An earlier post looked at total legal spending as a percentage of data found by the 1993 Law Department Spending Survey of Price Waterhouse and its successor, the 2007 Law Department Survey of Hildebrandt (See my post of Dec.5, 2007.).

Also noteworthy are the stability of other basic metrics over the 14-year period. In 1992, the median figure for total legal spending (TLS) as a percent of revenues was 0.40 percent (See my post of Jan.18, 2007 on lawyers per billion of revenue across industries.). Fourteen years later, that figure had barely budged, at 0.44 percent.

Outside counsel spending as a percent of revenues shifted slightly, from 0.21 to 0.19 percent, while total inside legal spending dipped a tiny amount, 0.14 percent to 0.13 percent.
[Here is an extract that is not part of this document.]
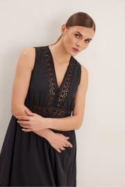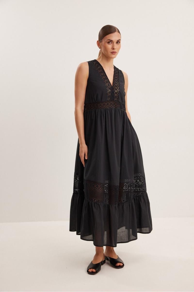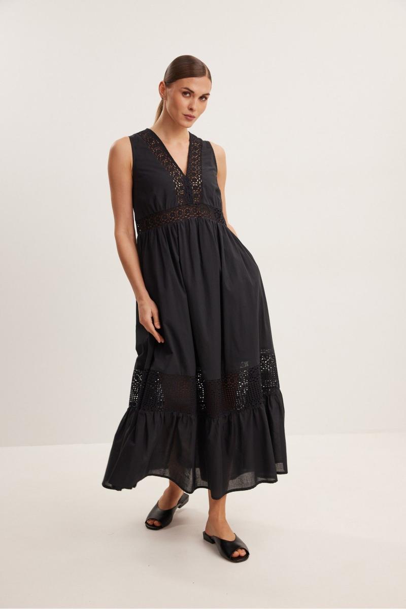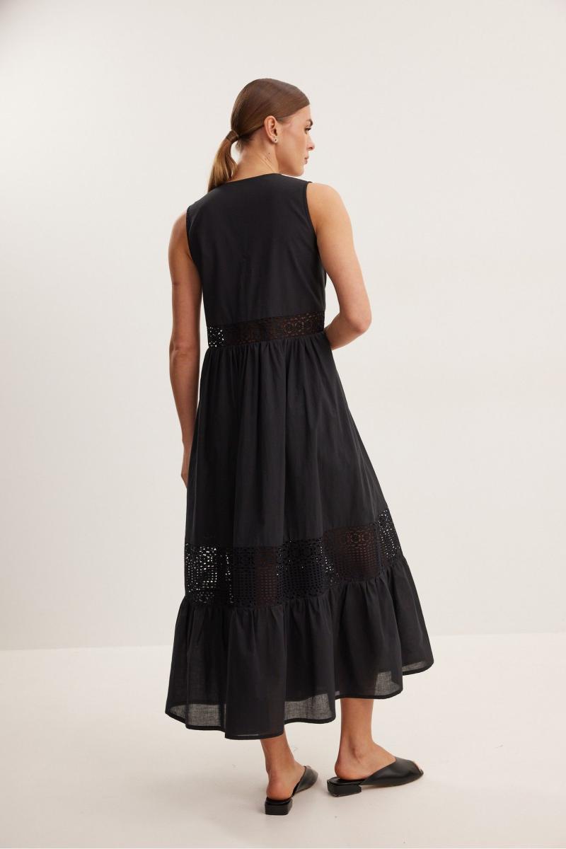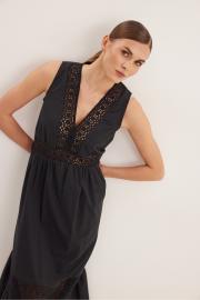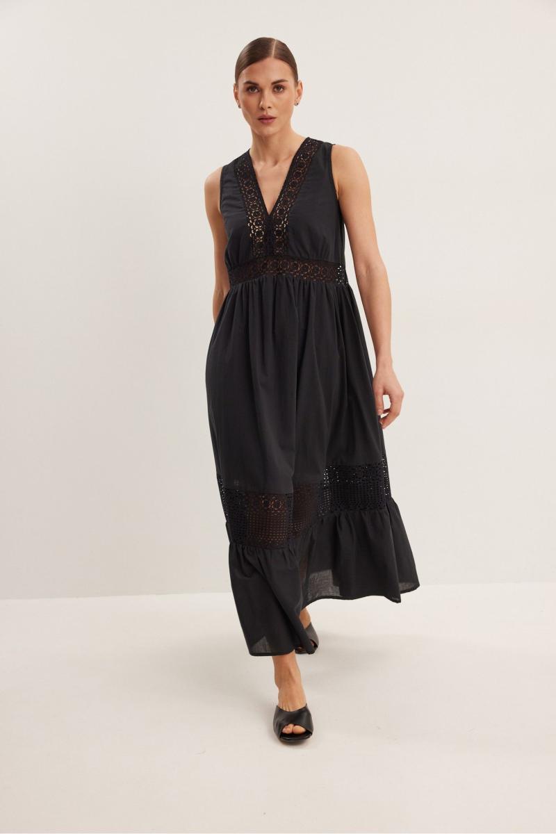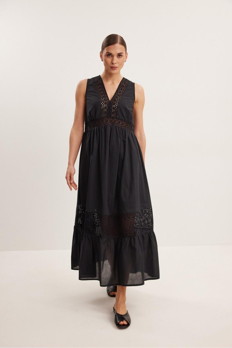 Платье женское , свободного А -силуэта . Выполнено из двух типов ткани :однотонного хлопка и ришелье , очень приятных на ощупь . Горловина оформлена Y-образным вырезом с отделкой из ришелье.Платье отрезное под грудью .Нижняя часть платья также с отделкой и оборкой . По боковым швам функциональные карманы , платье на хлопковой подкладке .

Given the number of departments in the two surveys, neither the TLS nudge upward nor the components’ minor adjustments is likely to be statistically significant (See my post of June 19, 2006 on statistical significance.).

If the shift of spending from outside to inside is legitimate, not a statistical artifact, two observations find support. Despite all the wailing about outside counsel fees and billing practices, law departments have whittled down their painful consequences. Second, this data suggests that over this period of years, law departments have bulked up in-house as compared to spent outside.